Prime Intellect also connects the project to open-source AI development. The company says open-source development reduces the risks of centralized control, while also acknowledging that competing with major AI labs requires coordinated effort.

How Intellect-1 was trained

Prime Intellect used OpenDiLoCo, its open-source version of DeepMind’s Distributed Low-Communication method, known as DiLoCo. The method is designed to support training across globally distributed systems while minimizing data transfer requirements.

That reduced communication burden is central to the project. A worldwide network of graphics cards cannot behave exactly like a local cluster, so the system has to manage communication efficiently while training continues.

Prime Intellect says it built a reliable distributed training system on top of this foundation. The system is designed to handle computing resources being added or removed on the fly, which is a key requirement if the long-term goal is to let many participants contribute compute.

The model itself is based on the LLaMA-3 architecture and was trained on open datasets. Its training data includes more than 6 trillion tokens, primarily from four sources:

Fineweb-edu
DLCM
Stack v2
OpenWebMath

Those details place Intellect-1 squarely inside the open-model ecosystem. The model architecture, training method, and planned release of the model and data all point toward a project built around transparency and reproducibility.

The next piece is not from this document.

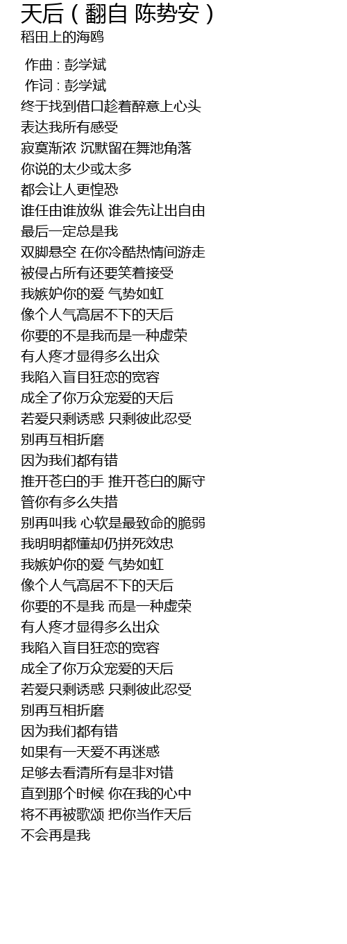| [03:38.365] | jiang bu zai bei ge song ba ni dang zuo tian hou |
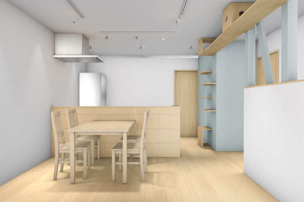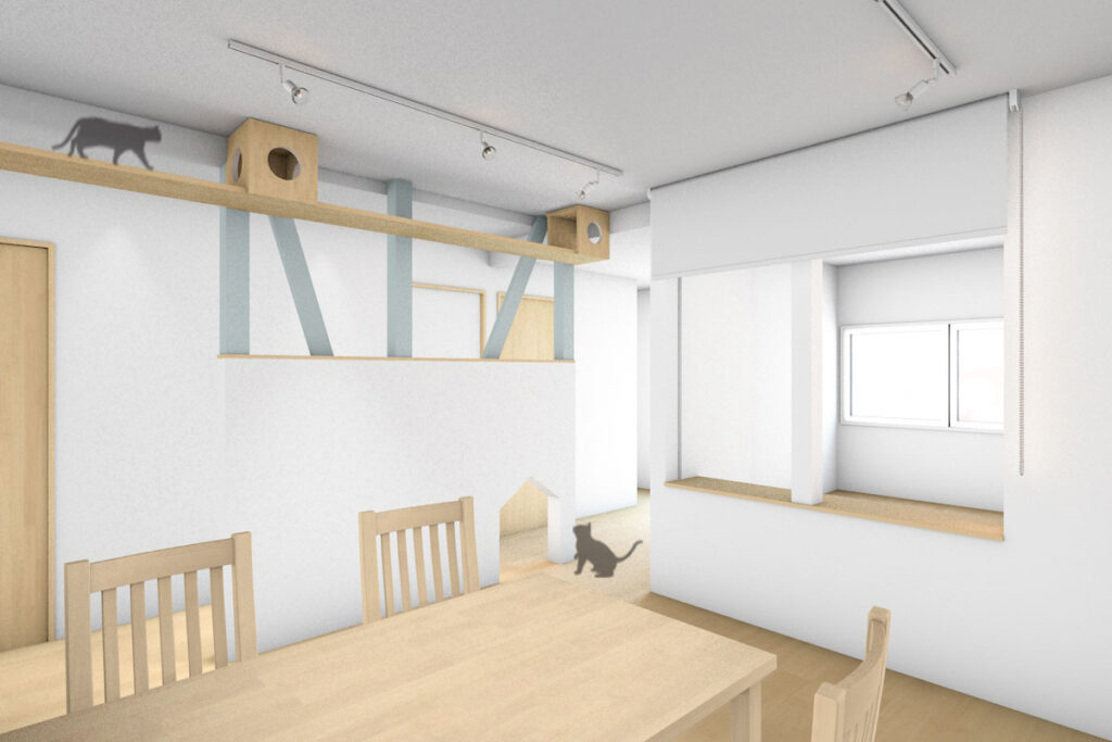 猫ちゃんたちもご家族の一員。M様とご両親のお家を行き来できたり、住まい全体がまるで“キャットウォーク”みたいになれば素敵だなと思い、そのイメージも踏まえてプランを考えました。

What Prime Intellect wants to build next

Prime Intellect describes Intellect-1 as a first step rather than the final target. The company wants to scale its distributed training approach to more advanced open-source models.

The next stage is not only about bigger models. Prime Intellect is also building a system that would let anyone contribute computing power securely, with training sessions open to public participation.

That vision depends on more than software. The company says competing with major AI labs will require collaboration and computing resources, and it is seeking support on both fronts.

If the approach works at larger scales, it could give smaller organizations and independent contributors a more direct role in training open AI systems. The source article frames that as the central promise of the project: making AI development more accessible without placing all control in a small number of centralized institutions.

The limits of the breakthrough

Intellect-1 is still relatively small by today’s standards, despite its 10 billion parameters. The source article notes that, even without benchmark results, it is unlikely to match larger commercial AI models or even smaller open-source models.

That distinction matters. The project’s significance is not that Intellect-1 appears to be the strongest model available. Its significance is that Prime Intellect says it has shown a distributed training process can produce a model of this size across computers in the US, Europe, and Asia.

In other words, the technical pathway may be more important than the immediate model output. Intellect-1 is best understood as a proof point for a training method and participation model, not as evidence that distributed open-source training has already caught up with leading AI labs.

The major question is whether Prime Intellect can move from proof of concept to practical impact. Scaling distributed training to more advanced open-source models, managing unreliable or changing compute resources, and coordinating public participation are all part of the challenge described in the source.

For now, Intellect-1 gives the open AI community a concrete experiment to watch. If Prime Intellect follows through on its planned open-source release next week, outside developers will be able to inspect the model and its training data, and the larger test will begin: whether distributed training can become a meaningful force in AI development rather than a one-time demonstration.